Public opinion polls likely understate opposition to same-sex marriage, a new study has found.
A "social desirability bias" may come into play with many people answering polling questions in support for same-sex marriage, skewing the results of pre-election studies in favor of the issue, says political scientist Richard Powell, who authored the study set to be released in the November issue of the journal
American Politics Research.
His research found that such surveys underestimate public opposition to same-sex marriage by 5 to 7 percentage points as respondents offer views to pollsters that seem socially acceptable at the time, rather than their honest feelings about issues that are sensitive, according to the
Pew Research Center, in reporting on the study.
A Gallup poll, the first since the U.S. Supreme Court struck down the Defense of Marriage Act and released in July, found that 52 percent of Americans in 50 states backed a law supporting gay marriage, while 43 percent said they would vote against such a measure.

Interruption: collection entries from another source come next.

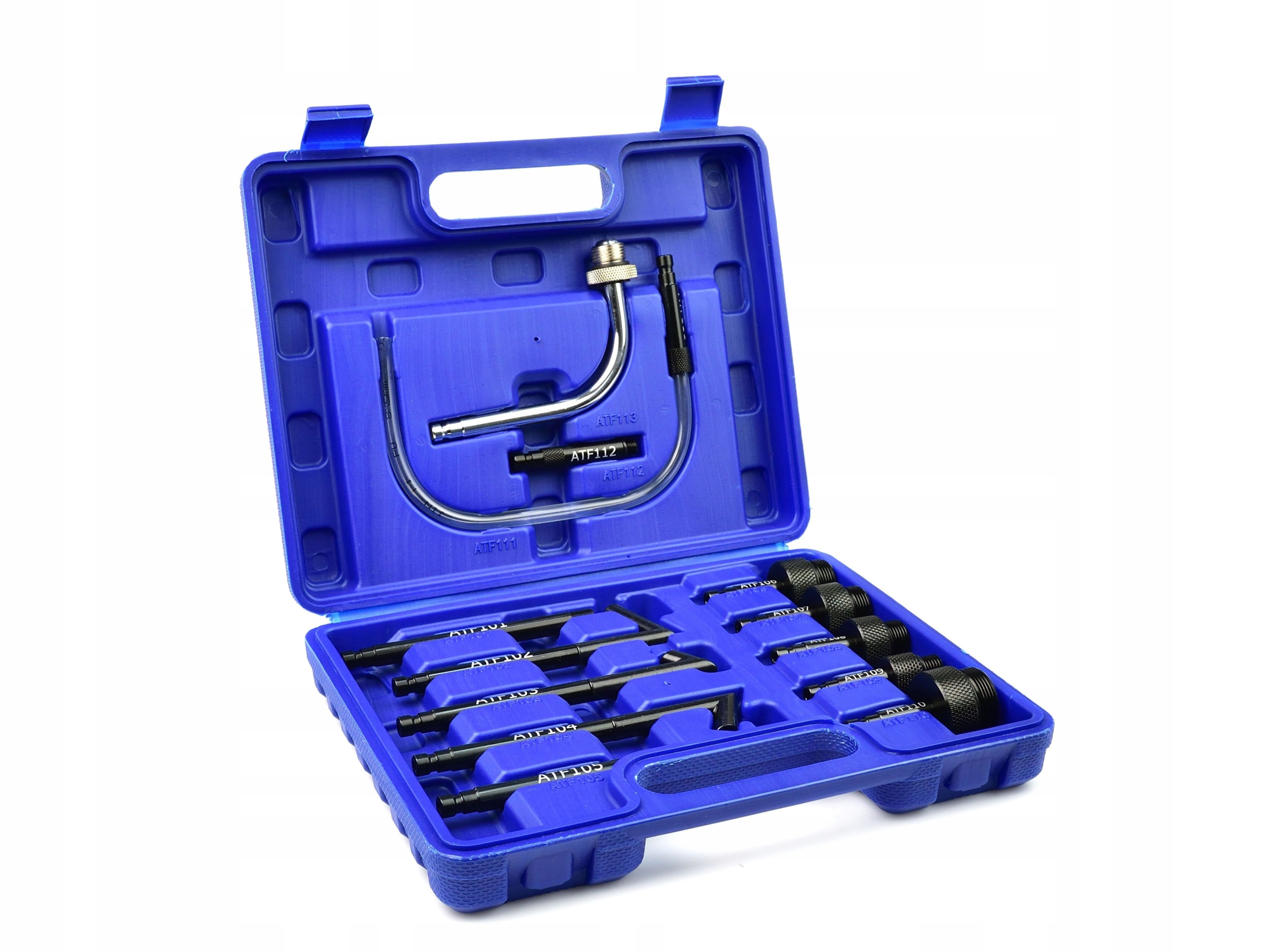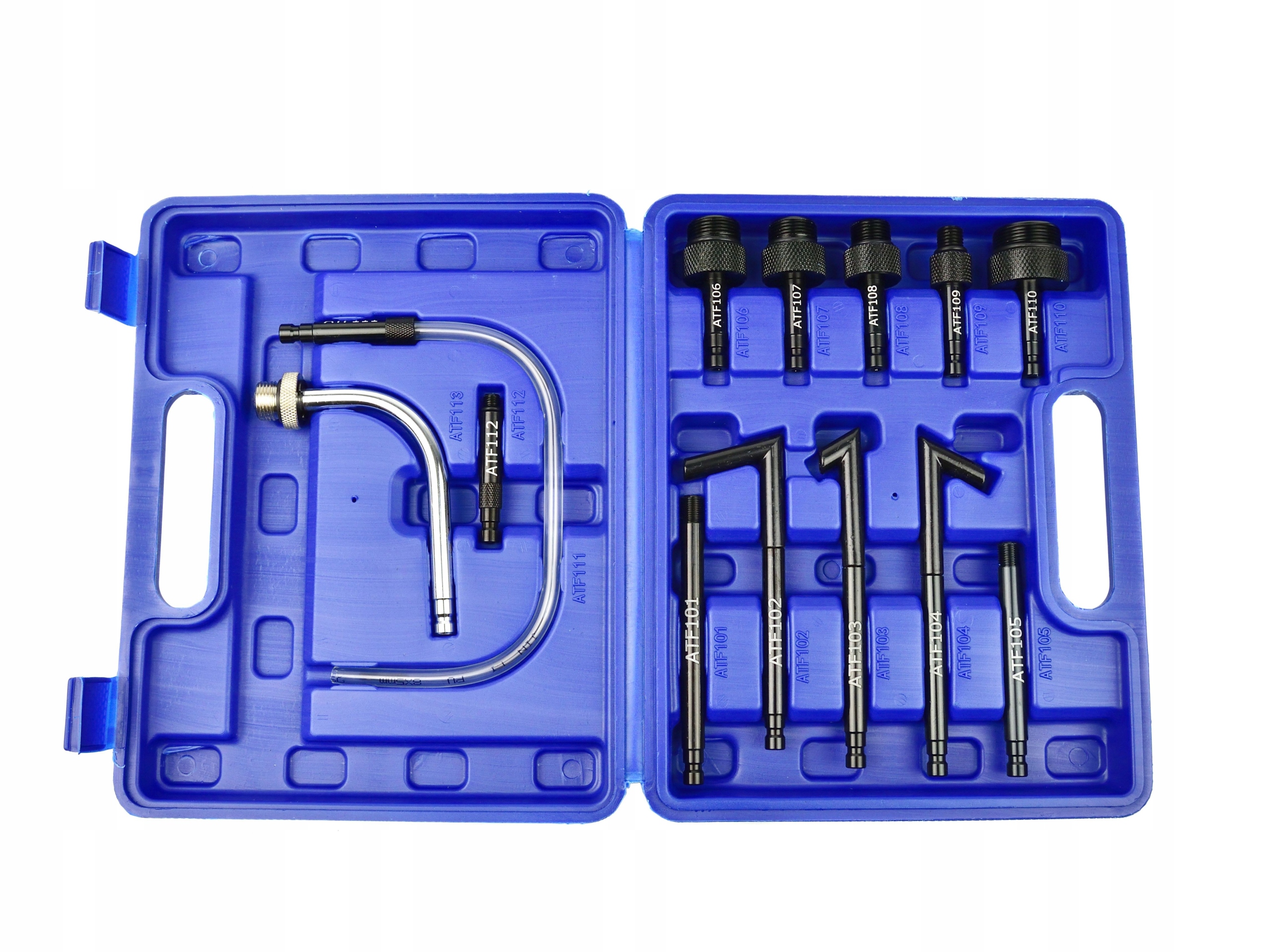 Комплект специализированных адаптеров для замены и долива масла в автоматических коробках передач. В комплект входят 13 адаптеров, обеспечивающих работу коробок передач наиболее популярных марок легковых автомобилей.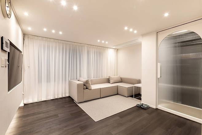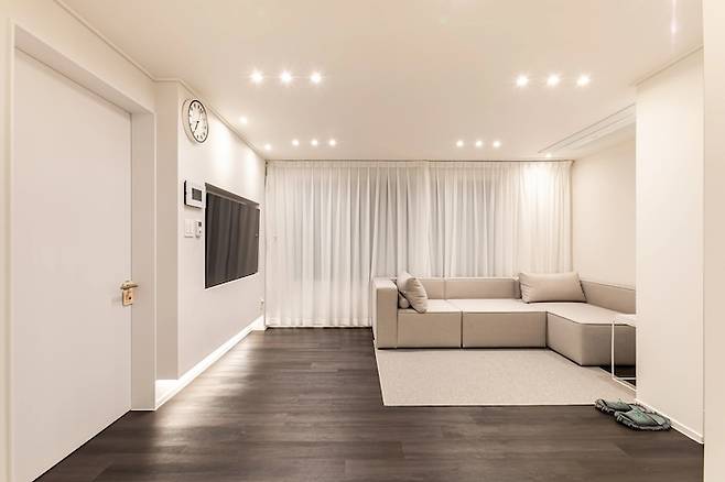 짠! 소파 사이즈를 제외한 자리에 가벽을 세워 신발장 위치를 반대로 옮기고 중문을 설치했습니다. 소파는 이사 오기 전부터 사고 싶었던 '무니토 타임리스 모듈 소파'에요. 3가지 모듈 구성으로, 이렇게 저렇게 구조 바꿔가며 배치할 수 있는 게 너무 매력적이었어요.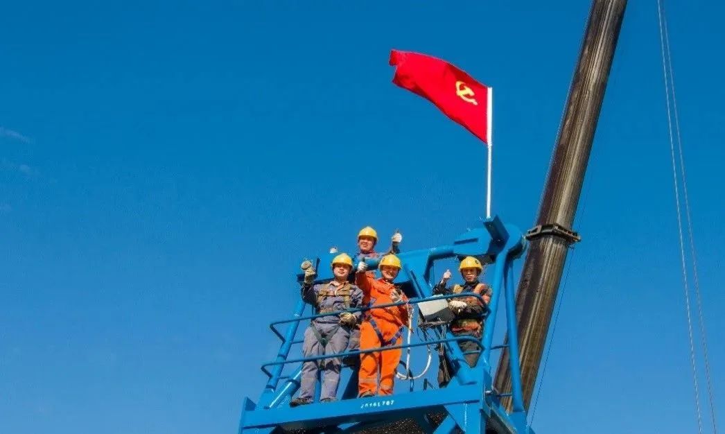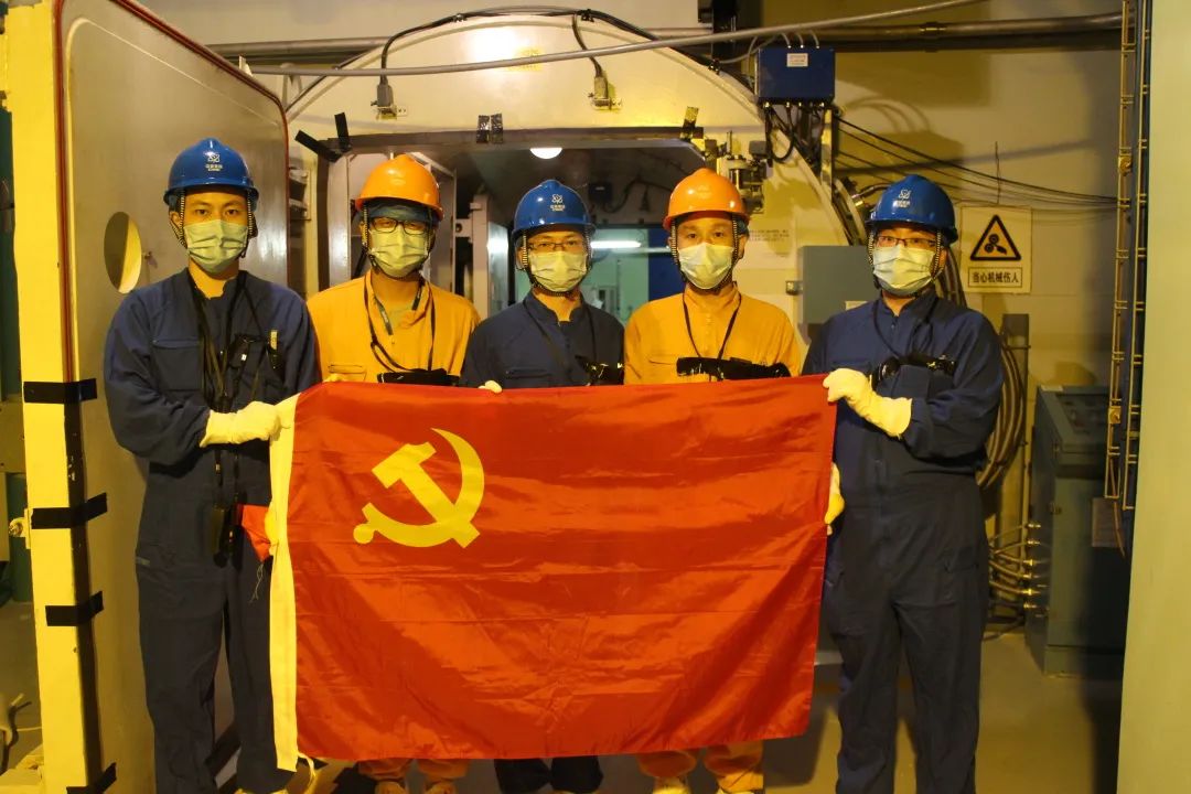 ▲党旗在“华龙一号”重大工程现场高高飘扬

If Powell's research is correct, it means a slight majority is against same-sex unions.
Powell, a University of Maine professor, looked at 33 statewide races with same-sex marriage ballot initiatives that took place from 1998 to 2012. In each race, pre-election polling was conducted, and he looked at only polls that took place within 90 days of elections.
Controlling for several factors that could be related to social desirability bias, he then compared the pre-vote polling on same-sex laws with the votes in the election, finding the underestimation, which has not been taken into account in the politically divisive debate over gay marriage.
As a concept, such "social desirability bias" is difficult to detect for researchers.
Pew cited the "Bradley Effect" in the 1982 California governor's race, in which Los Angeles Mayor Tom Bradley polled to win the election but was beaten narrowly by challenger George Deukmejian.
Bradley, who died in 1998, was black, while Deukmejian is white, leading some to ponder whether prospective voters gave a pollster an answer they deemed socially acceptable before the election, but later voted their true opinion at the ballot box.
Harvard researcher Daniel Hopkins later nailed down the existence of the social bias, Pew noted. He studied Senate races featuring black and white candidates from 1989 to 2006.
Black candidates did better in opinion polling than they did in the final vote counts through 1996.
That phenomenon remains unknown.
Some pondered in the 2008 and 2012 presidential election about whether then-candidate
Barack Obama would suffer the Bradley Effect, but in his case it did not materialize.